Minutes of the European Central Bank‘s December policy vote show that favourable data on the economy had led policymakers to drop some their references to the region‘s recovery and instead focus more on what they now viewed as a “continued robust and increasingly self sustaining economic expansion.”
The account of the vote, which took place on December 14, also suggests strength of the expansion could in the months ahead lead policymakers to change their message and focus less on their monthly bond purchases and more on the combination of measures they plan to keep in place to revive growth and inflation.
The ECB will buy €30bn of bonds a month between now and September. The bank is expected to keep interest rates at their current record lows until the middle of 2019 — policymakers have promised to hold borrowing costs where they are until way beyond the horizon of their bond buying.
The December vote saw president Mario Draghi reveal that the ECB’s staff had upgraded its forecasts for growth to 2.4 per cent in 2017 and 2.3 per cent in 2018 — the most significant in the history of the bank’s quarterly projections for growth and inflation.

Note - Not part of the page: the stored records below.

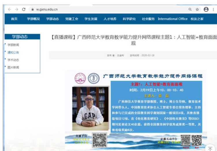
图一 广西师范大学教育能力提升网络直播课

教学能力提升网络课程直播活动,校内专家为全校教师做线上教学指导讲座 10 个,疫情防控最艰难时期心理学系的老师们利用实验中心智能平台为中小學生及家長提供了心理輔導服務,点击量突破 100 万。并鼓励和支持中心教师充分利用网络信息资源开展线上教学,线上线下混合式教学以及线上教学的课题研究,为 87 门专业课程制作了线上学习资源。
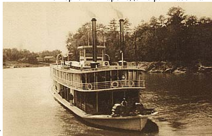
судно – прототип FLINT
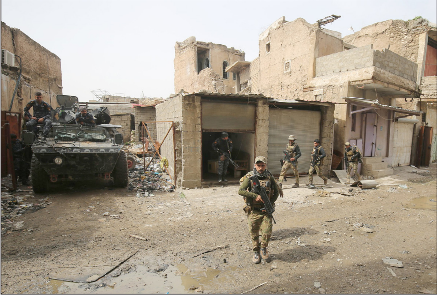
عناصر من الجيش العراقي يمشطون أحد أحياء الموصل
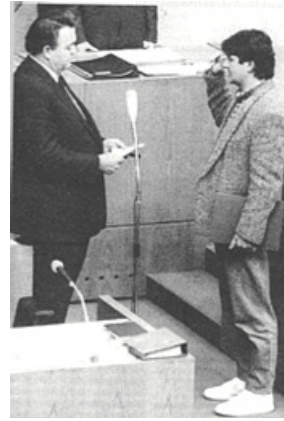
Joschka Fischer 1985
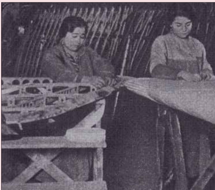
Trabajadoras de CASA en las labores de entelado, 1930

vieron que continuar con una labor para la que no habían sido preparadas: Hacer aviones.
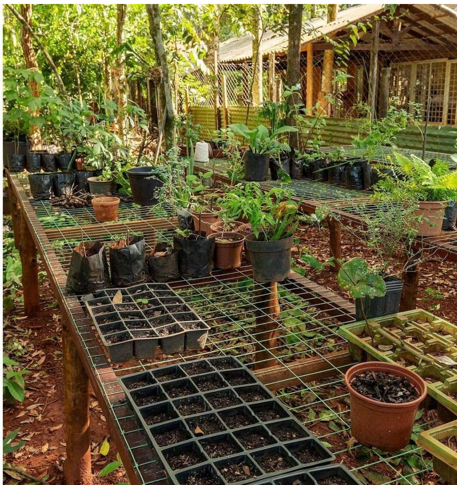
Figura 10 — Viveiro do Sertão Negro.

As aulas de cerâmica e de gravura nos fazem entender que o ensino é um trânsito, que tem aquele que passa a informação e que aprende com quem a recebe, num movimento cíclico. E é assim que se dá as dinâmicas das aulas, que seguem um plano de ensino, mas que dão espaço para a pesquisa e confluências entre os saberes, o que facilmente poderia ser entendido como uma metodologia baseada na A/R/Tografia, em que pesquisa, ensino e arte se entrelaçam.
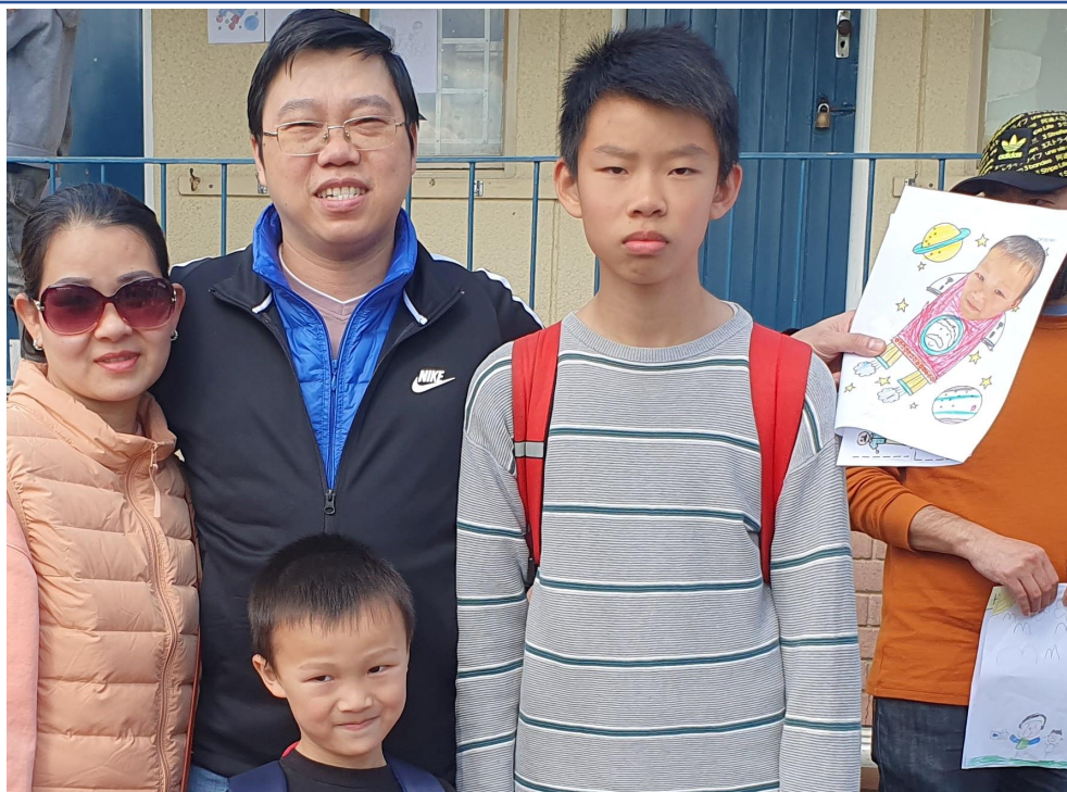
父子同心-知子莫若父
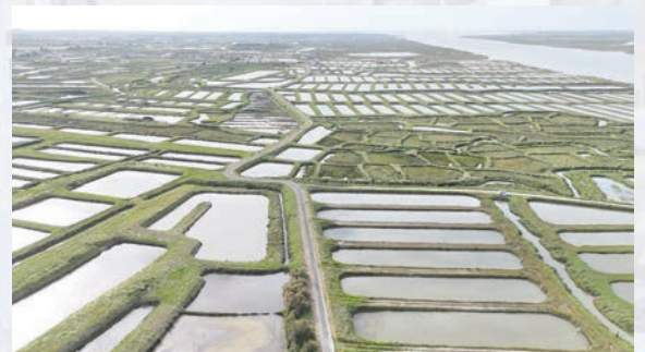
Marais salants - Étaules
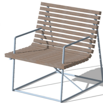
05 siedzisko - typ C (1 osobowe)

Households and businesses in the region are expected to keep spending, which investment activity is also forecast to pick up. It was on the basis of considerations such as these that the ECB’s 25-member governing council “expressed confidence that the euro area economic recovery had now moved into expansionary territory”.
Crucially, the much discussed “output gap”, which refers to the gap between where growth now is and where it would be were the economy operating at its full capacity, would close “in the near future, earlier than previously projected”. Some economists have interpreted the ECB’s latest projections as showing that the output gap closed towards the end of 2017.

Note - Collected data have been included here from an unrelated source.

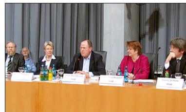
v.l.n.r.: Wolfgang Thierse, Petra Merkel, Peer Steinbrück, Mechthild Rawert, Swen Schulz

Die Landesgruppe der Berliner SPD-Bundestagsabgeordneten hat Peer Steinbrück am 5. Oktober 2010 eingeladen, um mit Bürgerinnen und Bürgern über die Finanzkrise, die Ursachen und die Folgen zu sprechen. In seiner Rede schilderte er seine Unzufriedenheit über den Umgang mit der Krise bei den seit 1999 abgehaltenen G20-Gipfeln der wichtigsten Industrie- und Schwellenländer. Die Staats- und Regierungschefs der G20-Staaten haben bisher umfangreiche Einsparziele zu Lasten der Bürgerinnen und Bürger vereinbart, aber sie verschonen weiterhin die eigentlichen Verursacher der Krise aus der Finanzindustrie.
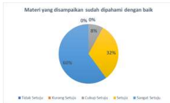
Gambar 4. Tanggapan Instrumen Kuesioner Pertama

Dari data tanggapan peserta PKM pada table 1 diatas bisa disimpulkan bahwa dari keseluruhan peserta yang memberikan tanggapan, ada sekitar 60% menjawab sangat setuju, 32% menjawab setuju dan 8% menjawab cukup setuju bahwa materi yang disampaikan sudah dipahami dengan baik oleh peserta pengabdian kepada Masyarakat. Data lengkapnya bisa dilihat pada pie diagram berikut ini:
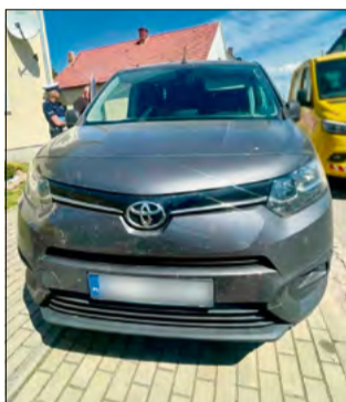
Policjanci zatrzymali samochód prowadzony przez pijanego kierowcę w gminie Strzeleczy po niebezpiecznej jeździe.

Do zdarzenia doszło na terenie gminy Strzeleczy. Policjanci z Krapkowic otrzymali zgłoszenie o toyocie, której kierowca miał poruszać się w sposób skrajnie niebezpieczny – zajmując całą szerokość jezdni i zjeżdżając na przeciwny pas ruchu.
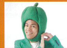
花巻観光応援団 よこっちピーマン
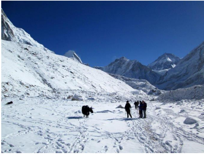
בדרך לבייס קמפ 5,300 מטר

של רועי עדרי היקים. לפנינו במרחב נראה את הפסגות מושלגות של: תמרסקו 6,623 מטר, קאנטגה 6,783 מטר ועוד שלל פסגות נוספות. מגיעים למצ'רמו 4,470 מטר.
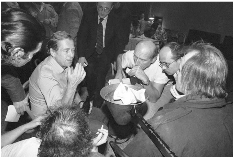
A színházak sztrájkoltak. Előadás helyett polgári fórumokat tartottak, amelyeken részt vett Václav Havel is Helsinki folyamat

őket. Ez az aláírási akció volt a Kádár-rendszer első igazán komoly és nemzetközileg nagy visszhangot kiváltó alternatív értelmiségi megmozdulása. Ezen az aláírói színpadon együtt először azoknak a neve, akik a későbbiekben főként a „demokratikus ellenzék” nevű mozgalom prominens képviselői lesznek. A Charta '77 nevű szervezet megalakulása lényegében egybeesett a lengyelországi Munkásvédelmi Bizottság (KOR) létrejöttével is. E két mozgalom megszerveződése belső korszakhatár a kelet-közép-európai állam szocialista rendszerek történetében. Jelzés arról, hogy ezekben az országokban az értelmiség egy kisebbsége fel kívánja mondani azt a hallgatolagos közmegegyezést, amely megkötötte a hatalom és az értelmiség egyes csoportjai között. A Charta '77 voltaképpen ebben a két országban – Magyarországon és Lengyelországban – talált a legnagyobb visszhangra.
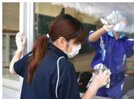
早朝より、奉仕活動に多くの皆様のご協力をいただきました。(10月2日)
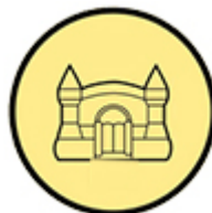
Nowy, zamek dmuchany
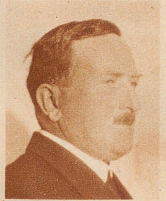
G. F. Authenrieth 1918–1929 Generaldirektor der Schweizerischen Kreditanstalt, eine hochgeschätzte Autorität in Bankfragen, starb 64jährig in Zürich
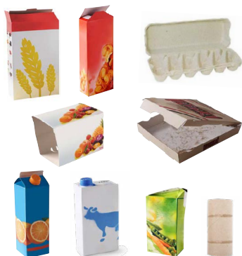
Tous les cartons, cartonnettes et briques alimentaires

The ECB accounts cautioned into reading too much into the closing of the gap — flagging that calculating the size of the output gap was fraught with difficulty and caution was needed. While the ECB staff projections showed inflation, at 1.7 per cent, remaining under the ECB’s target of just below 2 per cent in 2020, policymakers were confident that price pressures would return.
The expansion meant “it was seen as very likely that capacity constraints would become increasingly binding and lead to higher price pressures. It was also remarked that the positive feedback loop between economic growth and price increases could, once more firmly established, operate more rapidly than expected.”